The second part of the talk will focus on the new machine learning innovations that have been formulated and solved to advance experimental design. These include incorporating experimental design constraints such as process constraints, transferring knowledge from pervious experiments or experimenter “hunches”, and high dimensional Bayesian optimisation so that the number of experimental control variables can be increased.

Bio

Svetha Venkatesh is an Alfred Deakin Professor and a Co- Director of Applied Artificial Intelligence Institute (A2I2) at Deakin University. She was elected a Fellow of the International Association of Pattern Recognition in 2004 for contributions to formulation and extraction of semantics in multimedia data, a Fellow of the Australian Academy of Technological Sciences and Engineering in 2006, and a Fellow of the Australian Academy of Science in 2021 for ground-breaking research and contributions that have had clear impact.
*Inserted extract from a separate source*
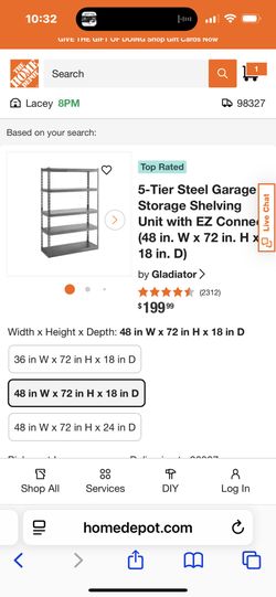 Gladiator Metal Shelf 48x72x18$75Dupont, WA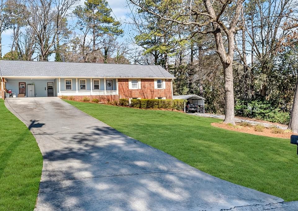Charming 4-Sided Brick Ranch with Modern Updates & In-Law Suite Potential Welcome home to this beautifully maintained 4-sided brick ranch, offering 4 bedrooms and 3 bathrooms, thoughtfully designed for comfort and style. Step inside to discover an updated kitchen featuring top-of-the-line appliances, perfect for anyone who loves to cook. The spacious living room provides a cozy retreat, The following items are staying: the TVs in the living room, downstairs, and on the porch; the Samsung Bespoke refrigerator, washer, dryer, and downstairs refrigerator; the cabinet in the carport; the kitchen table; the specially made tables that match the countertops; and four bar stools at the counter remain for the new owner's enjoyment. Enjoy outdoor living with a recently added covered back porch and an expansive back deck, ideal for relaxing or entertaining. The partially finished basement presents endless possibilities it includes one bedroom, one bathroom, and an additional entertainment room, making it perfect as a mother-in-law suite, guest space, or recreation area. Additional features include an extra driveway, a metal carport, and an exterior entry door, enhancing convenience and accessibility. A covered carport at the lower level provides further practicality. This property seamlessly blends classic brick construction with modern updates and thoughtful features. Schedule your showing today

In 2017, Professor Venkatesh was appointed an Australian Laureate Fellow, the highest individual award the Australian Research Council can bestow.

Professor Venkatesh and her team have tackled a wide range of problems of societal significance, including the critical areas of autism, security and aged care. The outcomes have impacted the community and evolved into publications, patents, tools and spin-off companies.

Prof. Sanghamitra Bandyopadhyay

Indian Statistical Institute, India

Title

Artificial Intelligence Techniques for Making Biological Discoveries: Some Case Studies

Abstract

Artificial Intelligence techniques are finding increasingly innovative applications in life sciences for making novel discoveries and for gaining deeper insights into various processes of life. In this talk we will first present an overview of molecular biology and bioinformatics. We will then discuss case studies in three areas, namely single cell RNA-seq data analytics, multiobjective optimization in drug design and graph based approaches in drug interaction studies.

Bio
Prof. Sanghamitra Bandyopadhyay did her B Tech, M Tech and Ph.D. in Computer Science from Calcutta University, IIT Kharagpur and Indian Statistical Institute respectively. She then joined the Indian Statistical Institute as a faculty member, and became the Director in 2015. Since 2020 she is continuing in her second tenure as the Director of the Institute. Her research interests include computational biology, soft and evolutionary computation, artificial intelligence and machine learning. She is the recipient of several awards including the Shanti Swarup Bhatnagar Prize in Engineering Science, TWAS Prize, Infosys Prize, JC Bose Fellowship, Swarnajayanti fellowship, INAE Silver Jubilee award, INAE Woman Engineer of the Year award (academia), IIT Kharagpur Distinguished Alumni Award, Humboldt Fellowship from Germany, Senior Associateship of ICTP, Italy, young engineer/scientist awards from INSA, INAE and ISCA, and Dr. Shanker Dayal Sharma Gold Medal and Institute Silver from IIT, Kharagpur, India. She is a Fellow of the Indian National Science Academy (INSA), National Academy of Sciences, India (NASI), Indian National Academy of Engineers (INAE), Indian Academy of Sciences (IASc), Institute of Electrical and Electronic Engineers (IEEE), The World Academy of Sciences (TWAS), International Association for Pattern Recognition (IAPR) and West Bengal Academy of Science and Technology. She serves as a member of the Science, Technology and Innovation Advisory Council of the Prime Minister of India (PM-STIAC). In 2022, she received the Padma Shri award, the fourth highest civilian award of the Government of India.